The Geek and The Deek at the Breakfast Table – Where Science and Religion Collide.

As I have mentioned elsewhere, my dear C is a biologist with the Dept. of Conservation.  Our children call her “Captain Planet”, and describe her as a “nature geek”.

Such is not my background.

I am a deacon in The Episcopal Church and happily serve at St.
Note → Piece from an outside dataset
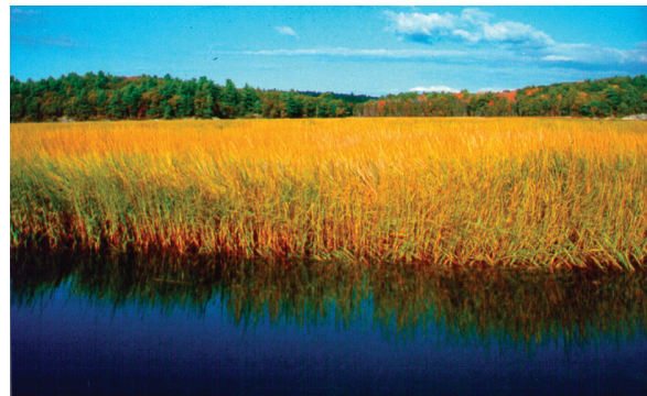
Kennebec Estuary, Maine.

The Maine Wetland Protection Coalition has taken the lead in spearheading wetlands conservation in Maine. The Coalition is comprised of partners including the U.S. Fish and Wildlife Service Gulf of Maine Coastal Program, Maine Department of Inland Fisheries and Wildlife, The Nature Conservancy, Maine Coast Heritage Trust, Ducks Unlimited, Inc. and Trust for Public Lands. Established in 1989, the Coalition works to implement wetland conservation priorities of the North American Waterfowl Management Plan in Maine, using funding from the North American Wetlands Conservation Act.

John’s – Tower Grove.  Our children call me “The Deacon of Dibley”, and some street people in Tower Grove simply call me “Deek”.

So, the Geek and the Deek sit at their breakfast table every morning, sharing coffee and each other’s unique perspectives on all things scientific and theological.

For example, I once mentioned in passing to a friend that our neighbor owns about twenty acres of land.  Next morning at the table, I heard, “Why did you tell Joe that Doug owns twenty acres?  It’s ten. “

Me: “I did?  I misspoke.  So?”

C: “But you lied to him.  It’s ten, not twenty.  It was not the truth.”

Me: “Why do you think the facts are the truth?”

I smile as I write this, for we have many variations of this same conversation quite often.  My dear geek, C, sees facts as that which best reflects reality, and I do not.  Facts are wonderful things and I use them as much as the next person, but I think they have their limits and certainly do not define “truth”.

I have experienced many things in my life that transcend facts, and are as real as any data collected in a lab – transcendent things like love, beauty, and God’s presence.  They are that which transcends the natural world and reveals a larger reality.

Like my relationship with facts, C thinks the transcendent in a wonderful thing, too, and she herself is quite attuned to it, but…on many occasions, the geek in her raises an index finger at the breakfast table and starts a new chat with the words, “Let me play devil’s advocate for a second…”   She then proceeds to challenge a notion that is bereft of hard facts, pricking holes in it with the skill of an Italian assassin wielding a stiletto.

The virgin birth came up again during Advent last week, which we have discussed several times over the years.  The notion of a conception without a biological sperm donor rails against all her science and good sense, so she occasionally pokes at it, looking for chinks in its armor.

C: “Let me play devil’s advocate for a second.  What real need was there for the virgin birth?  I mean, if Jesus was conceived in the biologically normal way and God decided that Jesus still was the Messiah, would Jesus be any less than the Messiah?”

Now please understand, I graduated from ESM, not Sewanee, so some of her questions are a real stretch for me.  I try my best, though.

Me: “Well, that’s a good question.  I think that, if God had deemed it okay, it would be okay.  After all, God is God.”

C: “So, why did he?  Why did God make it that much harder to believe in Jesus Christ with the whole virgin birth thing?”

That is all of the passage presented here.